1. There is an average of 5.4 individuals involved in making a purchase

Multiple influencers and roles drive today’s marketing decisions. Relying on just one relationship is risky. To compete, you will need to properly build and structure a contact database. You need to be able to reach your targets effectively and track those communications at high volume. According to a Google Consumer Insights article, “while 64 percent of the C-suite employees have final sign off on a decision, so do almost a quarter (24 percent) of the non-C-suite employees. What’s more, it’s the latter that has the most influence; 81 percent of non-C-suiters have a say in purchase decisions.” More CEOs are adopting the strategy of hiring strong leaders to be on their team, and then empowering them to bring informed recommendations to the executive table for final approval. Consider applying this approach to help your marketing team make decisions that mean more to your business.

2. The average age of decision makers has decreased

These days, 18- to 34-year-olds account for almost half of the makeup of industry marketers. In fact, according to a recent Forbes article, 73 percent of millennials (born between 1980 and 2000) are involved in the purchasing decisions of their companies. As recently as 2012, that percentage was more evenly distributed across age groups, but this evolved workforce now wants to absorb information differently than audiences in the past, who relied on informed relationships, suppliers stopping by in person and even printed materials. There is still a time and a place for all those communication tools, but today’s world is more virtual than ever, and it requires successful business leaders to be entirely mobile. This doesn’t mean hanging up the phones altogether. In fact, customer satisfaction by phone is low across all industries, but construction businesses are at the bottom, with only a 21-percent phone satisfaction rate. While phone-based sales and marketing services are on the rise, it is vital for them to be authentically attached to the company’s brand and background, in order to provide the confidence and guided support necessary to take a recommendation back to the executive panel, who will then make the final call.

3. Many clients go 60% of the way through a purchasing process before making decisions

Not only that, but clients are intentionally looking to block out your influence in the early stages of purchasing for a reason. Unless you have already created distinct loyalty with a client, they are looking for “product” first, not for your brand. What does your firm offer a new client? “About 71 percent of purchase decisions start on a generic query versus a specific brand.” Millennials are fiercely drawn to meaningful stories and emotional connections, creating an opportunity for manufacturers to build their brand loyalty around something important to their decision makers.
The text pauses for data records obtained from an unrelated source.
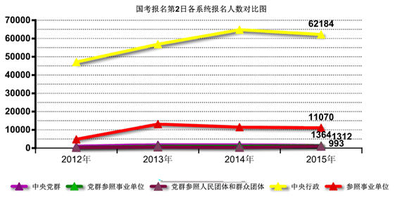报考从各系统来看,由于中央国家行政机关及其直属机构和派出机构是招录人数最多的系统,因此其报名人数也相应最多。从历年数据来看,除中央党群机关参照公务员法管理事业单位及人民团体和群众团体两个系统外,其他三个系统今年的势头也均不敌当年。
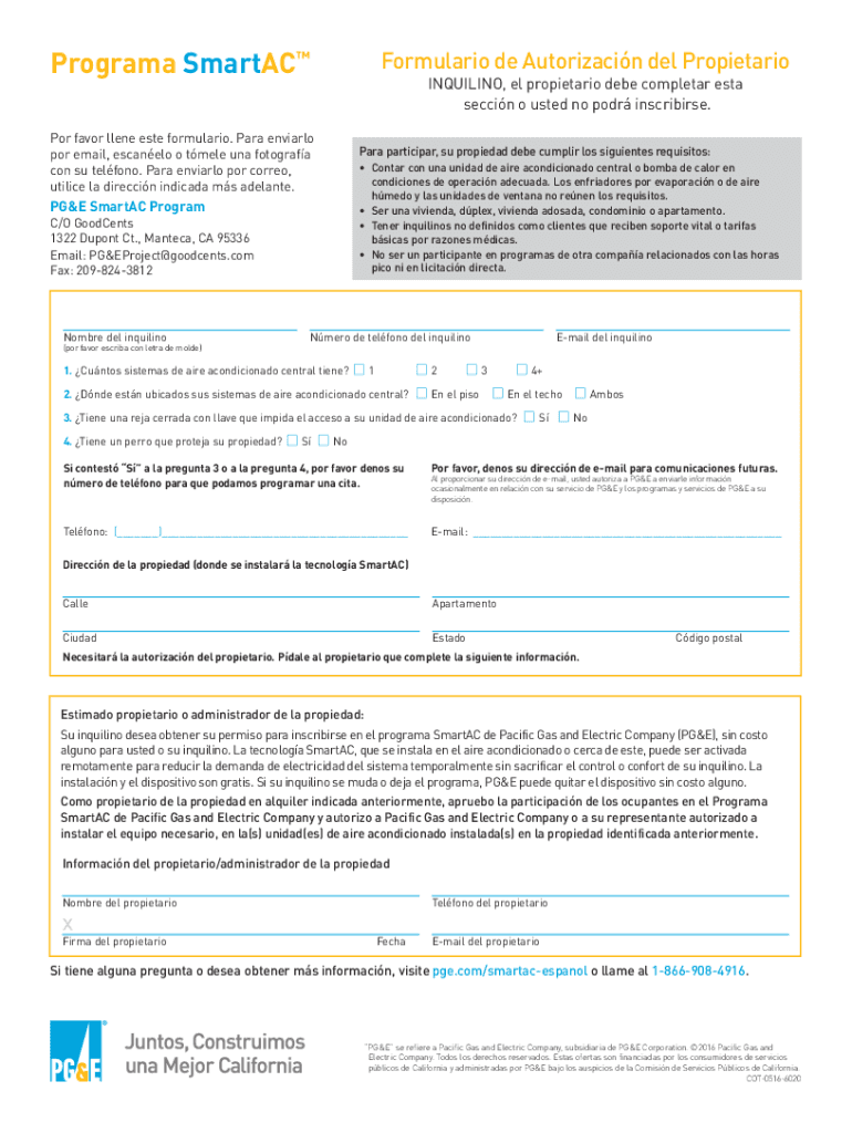 El Programa SmartAC™ Formulario de Autorización del Propietario es un documento utilizado por inquilinos para obtener el consentimiento del propietario para participar en el programa PG&E SmartAC.
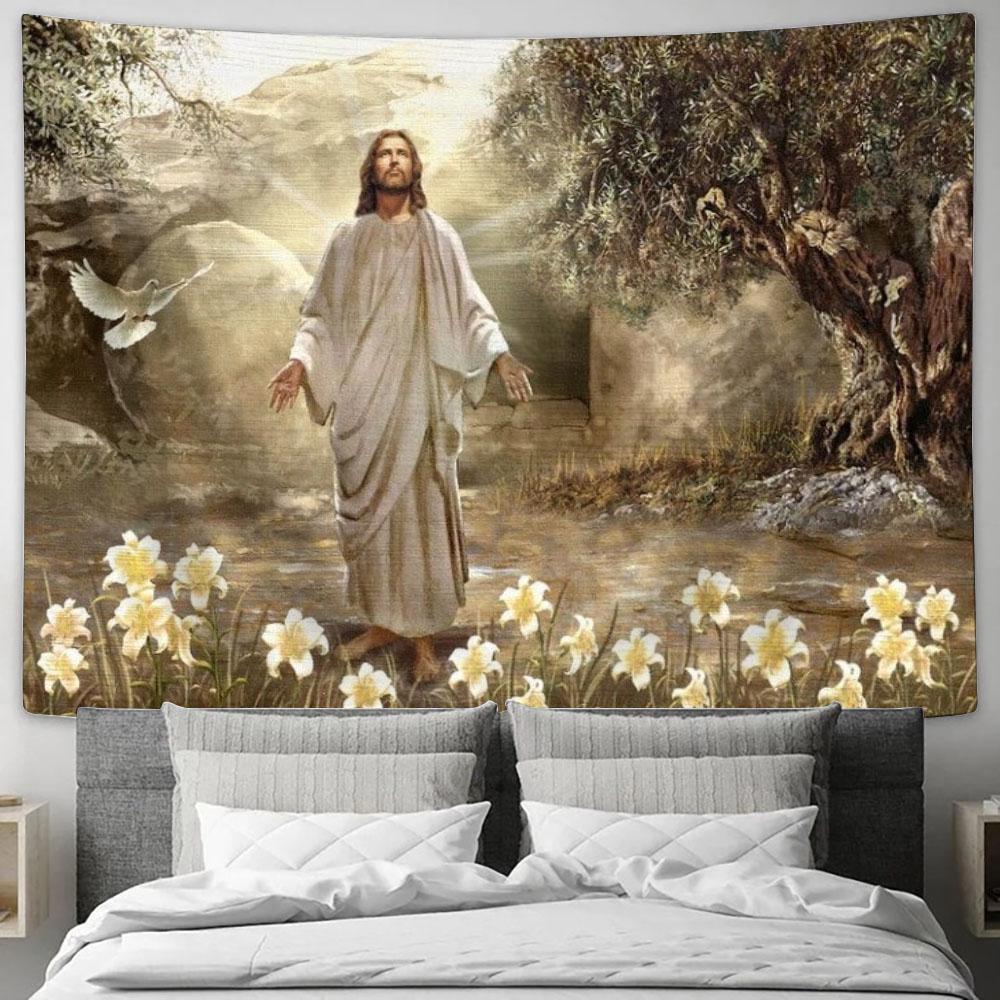 Jesus Painting, Dove Of Peace, Meadow Landscape, A New Day Has Come Tapestry, Tapestries for Living Room Bedroom

On one side of the spectrum, that could be playing to their desires for professional success with tools to engage, educate and properly connect with their own customers. On the other end of the spectrum, it may be a social cause, response to a natural disaster or identification with a philanthropic effort. If you don’t already know about Tom’s Shoes or Warby Parker, get to know those brands and the efforts they are making to connect with their customers. A recent study by Sacunas found that 80 percent of millennial marketers say that the environmental, social and philanthropic efforts of potential vendors are important factors in their consideration. They don’t stop thinking like millennials just because they are at work.
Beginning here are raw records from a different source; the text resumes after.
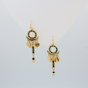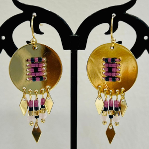 Découvrez ces magnifiques boucles d’oreilles dorées ornées de délicats pendentifs en forme de losanges et de perles colorées. Ces bijoux élégants et sophistiqués sublimeront à merveille toutes vos tenues, du quotidien aux occasions spéciales. Dimensions : 5 cm de longueur.
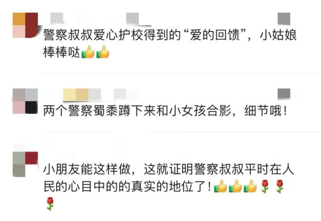 警察叔叔也暖心地蹲下。
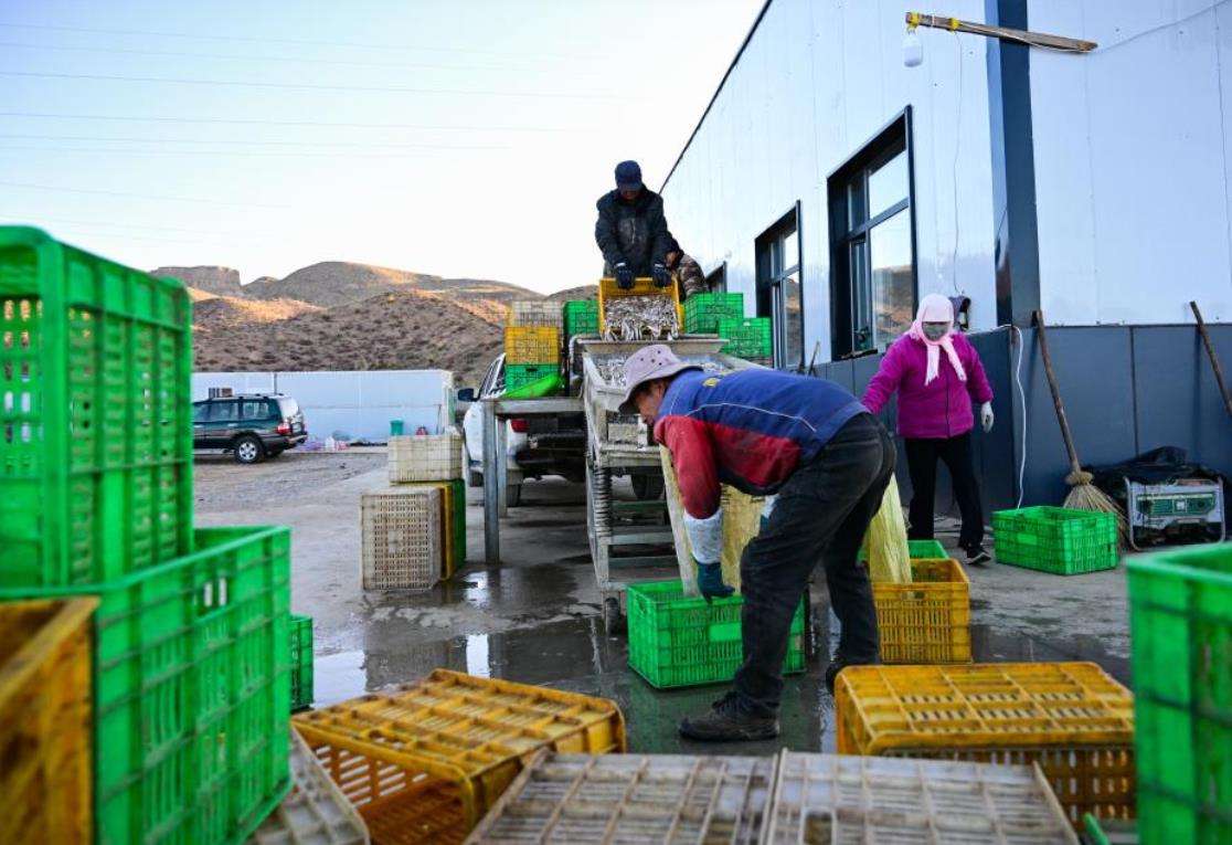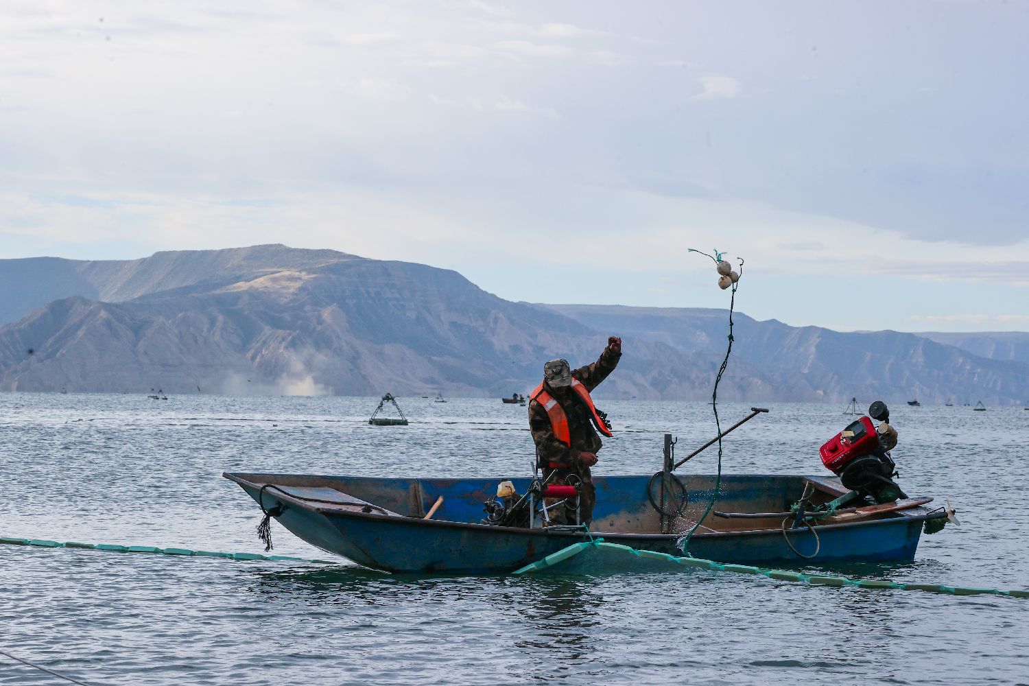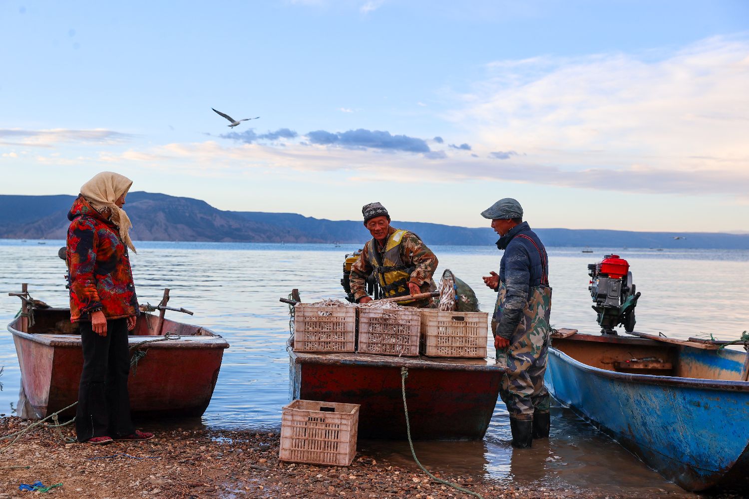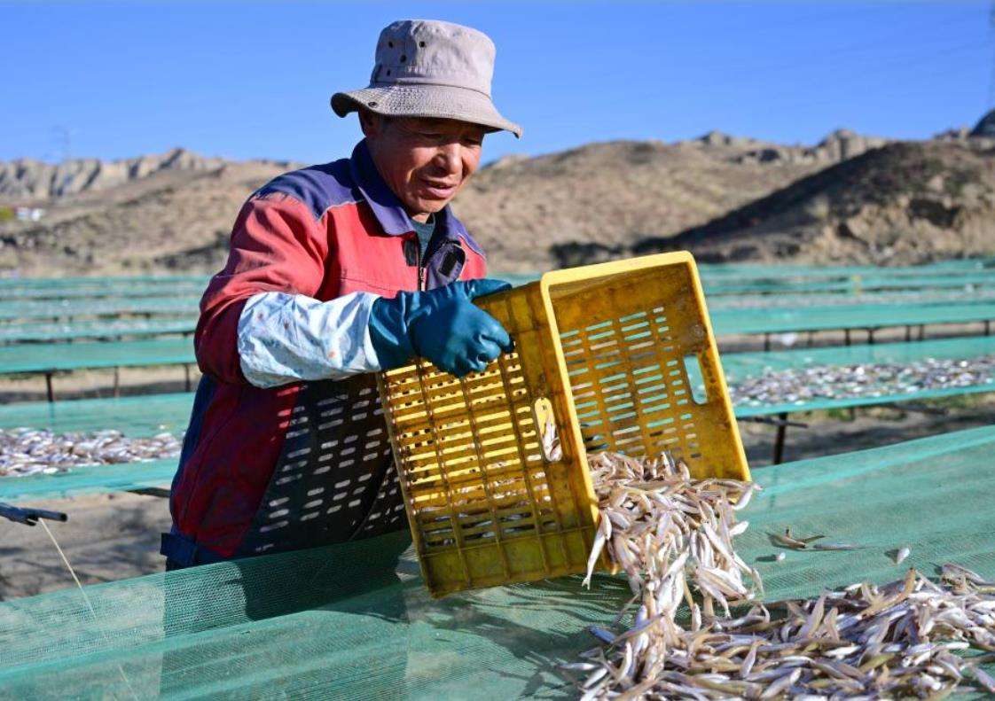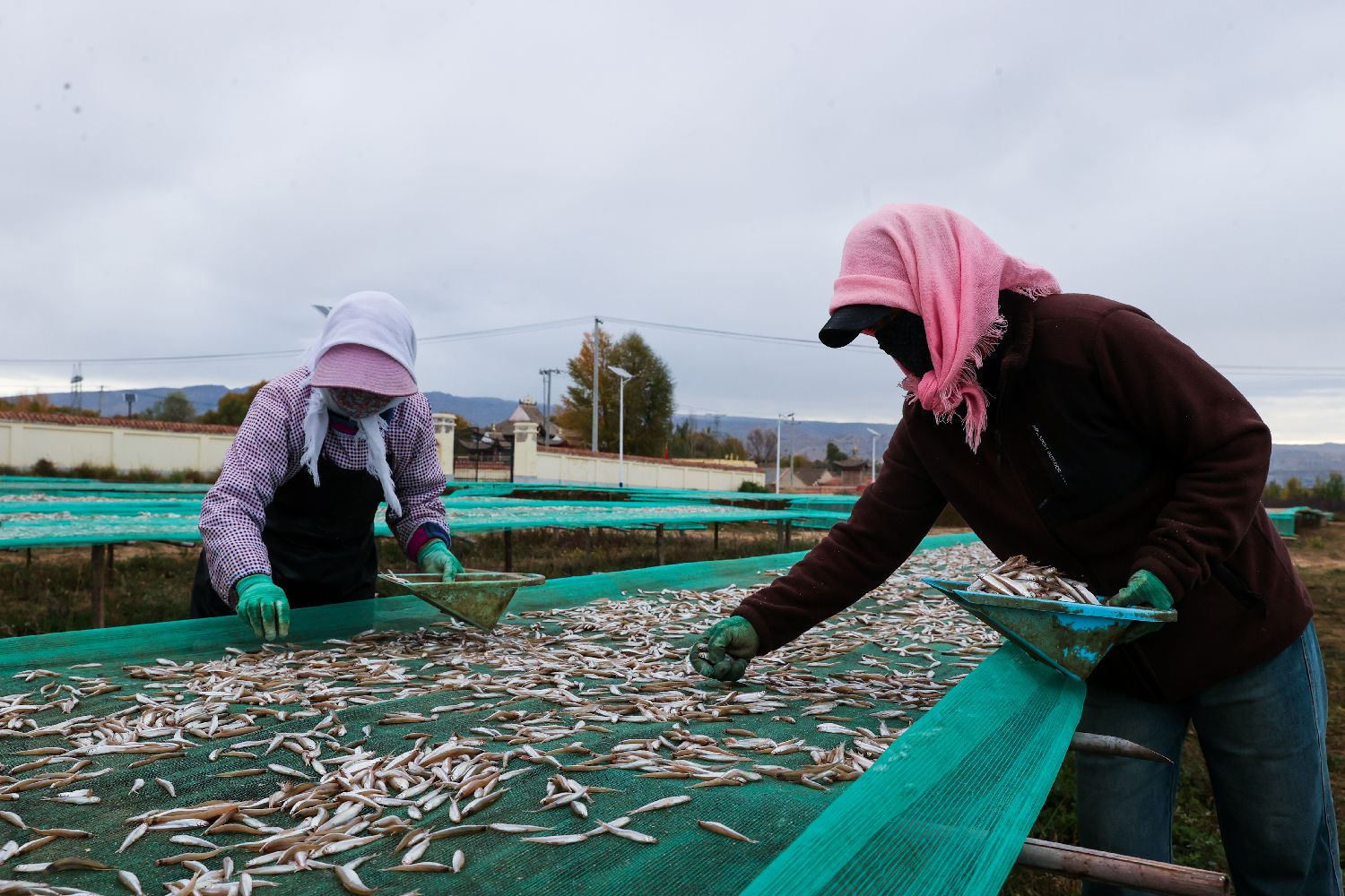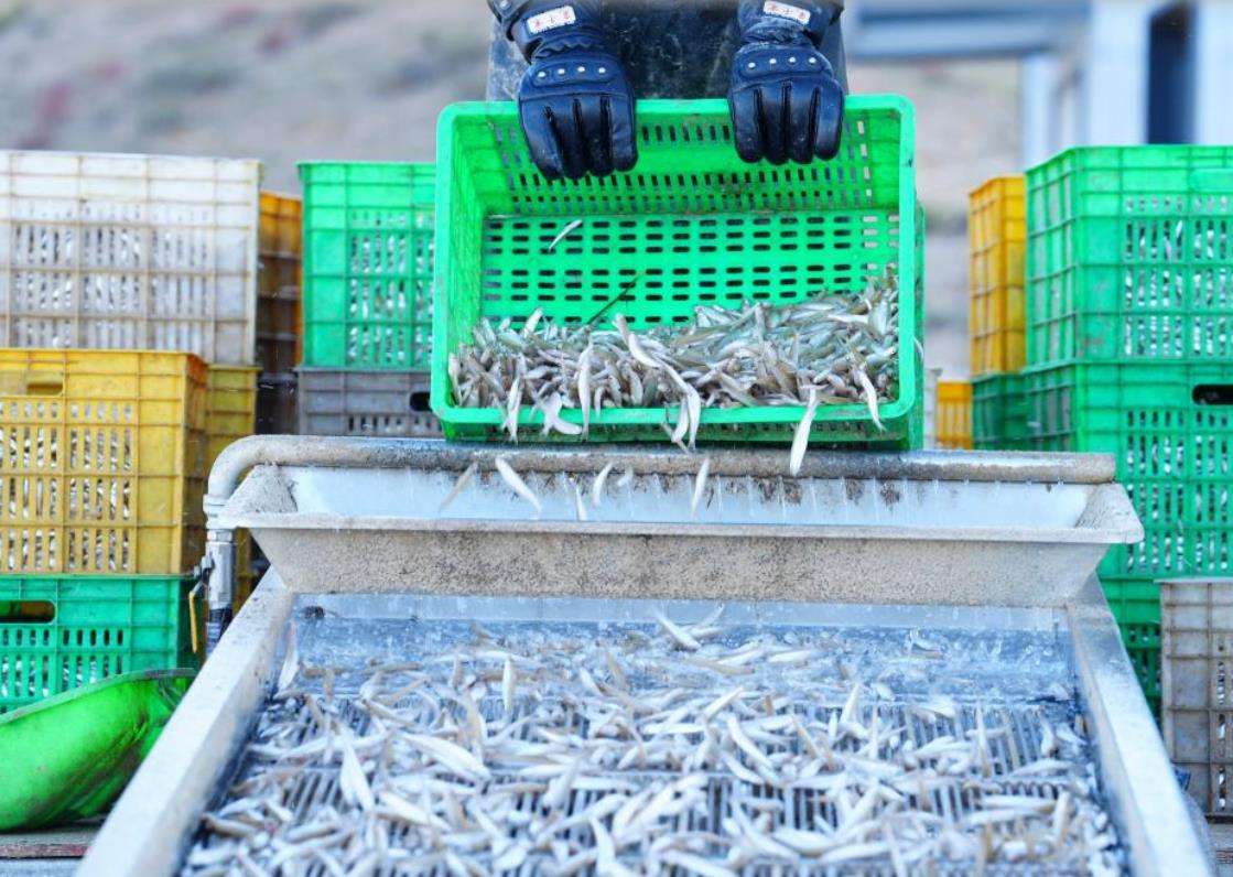 10月18日,在青海省海南藏族自治州共和县龙羊新村龙羊峡海湖渔业捕捞合作社,工人收拾新捕的小银鱼。新华社

In the end, millennials are becoming a larger part of the workforce and the decision-making happening in the marketing space. The impact is that marketing decisions are becoming more like consumer-based decision making than ever. With technical products built to solve problems, it can be challenging to make the shift. However, construction firms who can connect millennials to the “why” story of their brand and products will cut through the commodity crowd and stand apart for the better.

Bring your customers the information they need to make smart, well-informed decisions, in a format they can access at their fingertips and the ability to have a deeper relationship when it’s convenient and necessary to do so. Do this, and you will drive loyal purchasers from considering your company to making a commitment at a pace that will leave your competitors in catch-up mode.